Reproduce, from the lines below, exactly the stretch that begins at the line containing "Op de tweede" and ends at the line containing "7月13日、2時間目、6年2", both included.

Listed entries:
____________________

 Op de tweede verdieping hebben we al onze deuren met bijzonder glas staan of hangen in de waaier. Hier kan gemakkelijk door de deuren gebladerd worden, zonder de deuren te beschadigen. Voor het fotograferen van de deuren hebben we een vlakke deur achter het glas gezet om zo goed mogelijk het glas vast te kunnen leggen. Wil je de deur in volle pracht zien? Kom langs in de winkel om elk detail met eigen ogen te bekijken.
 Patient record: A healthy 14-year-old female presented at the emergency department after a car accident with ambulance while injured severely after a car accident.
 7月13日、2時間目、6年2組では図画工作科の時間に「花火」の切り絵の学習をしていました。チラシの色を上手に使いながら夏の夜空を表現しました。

____________________

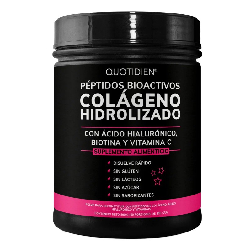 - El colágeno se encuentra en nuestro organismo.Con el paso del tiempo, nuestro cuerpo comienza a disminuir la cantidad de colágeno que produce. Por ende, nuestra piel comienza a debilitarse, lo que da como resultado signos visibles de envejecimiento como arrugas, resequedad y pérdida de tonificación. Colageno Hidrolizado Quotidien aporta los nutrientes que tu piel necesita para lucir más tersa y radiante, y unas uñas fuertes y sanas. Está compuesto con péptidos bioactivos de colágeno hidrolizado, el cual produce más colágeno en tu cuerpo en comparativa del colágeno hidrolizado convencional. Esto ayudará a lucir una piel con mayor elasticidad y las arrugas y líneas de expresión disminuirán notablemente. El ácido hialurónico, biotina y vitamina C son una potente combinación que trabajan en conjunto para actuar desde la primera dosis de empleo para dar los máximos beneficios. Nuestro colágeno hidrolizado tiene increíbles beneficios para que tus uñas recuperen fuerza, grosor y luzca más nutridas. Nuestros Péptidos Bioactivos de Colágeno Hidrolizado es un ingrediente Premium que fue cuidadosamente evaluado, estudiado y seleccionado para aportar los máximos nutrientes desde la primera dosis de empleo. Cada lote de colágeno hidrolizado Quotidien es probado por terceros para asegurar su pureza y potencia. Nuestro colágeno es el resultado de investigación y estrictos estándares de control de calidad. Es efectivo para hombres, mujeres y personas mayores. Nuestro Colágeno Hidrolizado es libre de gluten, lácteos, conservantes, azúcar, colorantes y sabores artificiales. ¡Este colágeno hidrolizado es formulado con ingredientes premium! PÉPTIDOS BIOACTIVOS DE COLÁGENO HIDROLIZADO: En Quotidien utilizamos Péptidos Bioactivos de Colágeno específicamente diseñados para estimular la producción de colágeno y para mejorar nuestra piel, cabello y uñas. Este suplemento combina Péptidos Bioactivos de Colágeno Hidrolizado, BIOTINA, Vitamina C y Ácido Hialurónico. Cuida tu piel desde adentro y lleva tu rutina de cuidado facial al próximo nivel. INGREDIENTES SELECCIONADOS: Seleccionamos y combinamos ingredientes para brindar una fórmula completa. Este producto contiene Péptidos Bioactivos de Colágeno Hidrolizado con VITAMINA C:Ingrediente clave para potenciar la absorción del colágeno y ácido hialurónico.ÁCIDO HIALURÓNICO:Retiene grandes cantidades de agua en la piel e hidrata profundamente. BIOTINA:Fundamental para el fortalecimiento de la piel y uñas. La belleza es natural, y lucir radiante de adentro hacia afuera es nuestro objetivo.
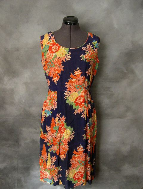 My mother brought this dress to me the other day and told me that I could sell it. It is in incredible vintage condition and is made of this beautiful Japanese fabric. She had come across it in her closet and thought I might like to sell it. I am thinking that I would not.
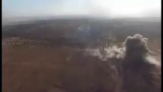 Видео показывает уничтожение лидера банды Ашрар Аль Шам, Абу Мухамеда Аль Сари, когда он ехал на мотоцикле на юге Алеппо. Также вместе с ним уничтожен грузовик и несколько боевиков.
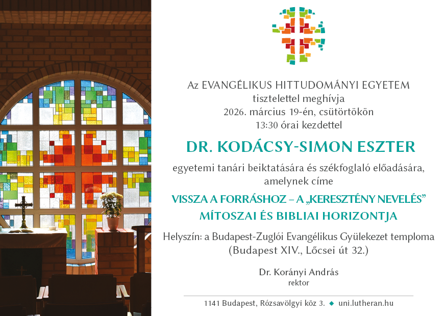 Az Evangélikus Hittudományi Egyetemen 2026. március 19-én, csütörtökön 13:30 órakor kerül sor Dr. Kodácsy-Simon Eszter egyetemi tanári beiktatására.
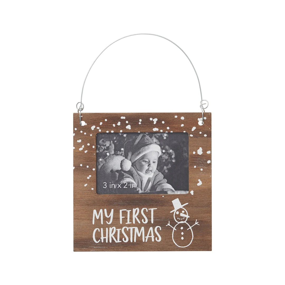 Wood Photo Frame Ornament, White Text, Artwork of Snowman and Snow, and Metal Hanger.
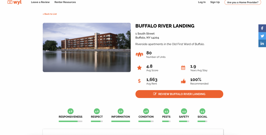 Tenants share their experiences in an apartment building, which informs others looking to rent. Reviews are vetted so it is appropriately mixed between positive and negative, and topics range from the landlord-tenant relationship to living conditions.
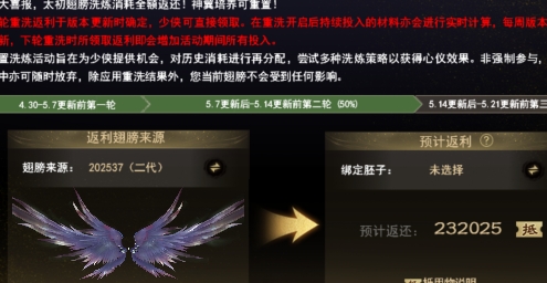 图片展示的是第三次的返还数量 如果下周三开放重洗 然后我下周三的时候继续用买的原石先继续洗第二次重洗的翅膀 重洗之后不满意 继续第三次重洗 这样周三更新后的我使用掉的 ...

____________________

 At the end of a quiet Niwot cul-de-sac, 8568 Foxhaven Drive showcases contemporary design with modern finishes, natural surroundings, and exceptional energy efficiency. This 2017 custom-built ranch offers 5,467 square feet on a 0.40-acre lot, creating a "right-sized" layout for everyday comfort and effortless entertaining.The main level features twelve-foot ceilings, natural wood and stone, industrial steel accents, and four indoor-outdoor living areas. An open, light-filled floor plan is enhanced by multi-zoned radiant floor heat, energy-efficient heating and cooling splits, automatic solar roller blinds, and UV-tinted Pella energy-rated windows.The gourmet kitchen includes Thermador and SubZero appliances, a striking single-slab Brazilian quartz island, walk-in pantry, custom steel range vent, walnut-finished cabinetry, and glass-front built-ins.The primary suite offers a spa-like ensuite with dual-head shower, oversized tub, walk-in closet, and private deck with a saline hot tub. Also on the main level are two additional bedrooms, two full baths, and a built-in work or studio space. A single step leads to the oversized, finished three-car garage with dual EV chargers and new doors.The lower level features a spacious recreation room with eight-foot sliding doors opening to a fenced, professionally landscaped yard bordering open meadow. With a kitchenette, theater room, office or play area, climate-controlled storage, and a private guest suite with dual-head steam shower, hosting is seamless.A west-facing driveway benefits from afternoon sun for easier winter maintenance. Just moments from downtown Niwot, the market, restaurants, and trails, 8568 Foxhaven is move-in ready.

____________________

Answer to this task:
 Op de tweede verdieping hebben we al onze deuren met bijzonder glas staan of hangen in de waaier. Hier kan gemakkelijk door de deuren gebladerd worden, zonder de deuren te beschadigen. Voor het fotograferen van de deuren hebben we een vlakke deur achter het glas gezet om zo goed mogelijk het glas vast te kunnen leggen. Wil je de deur in volle pracht zien? Kom langs in de winkel om elk detail met eigen ogen te bekijken.
 Patient record: A healthy 14-year-old female presented at the emergency department after a car accident with ambulance while injured severely after a car accident.
 7月13日、2時間目、6年2組では図画工作科の時間に「花火」の切り絵の学習をしていました。チラシの色を上手に使いながら夏の夜空を表現しました。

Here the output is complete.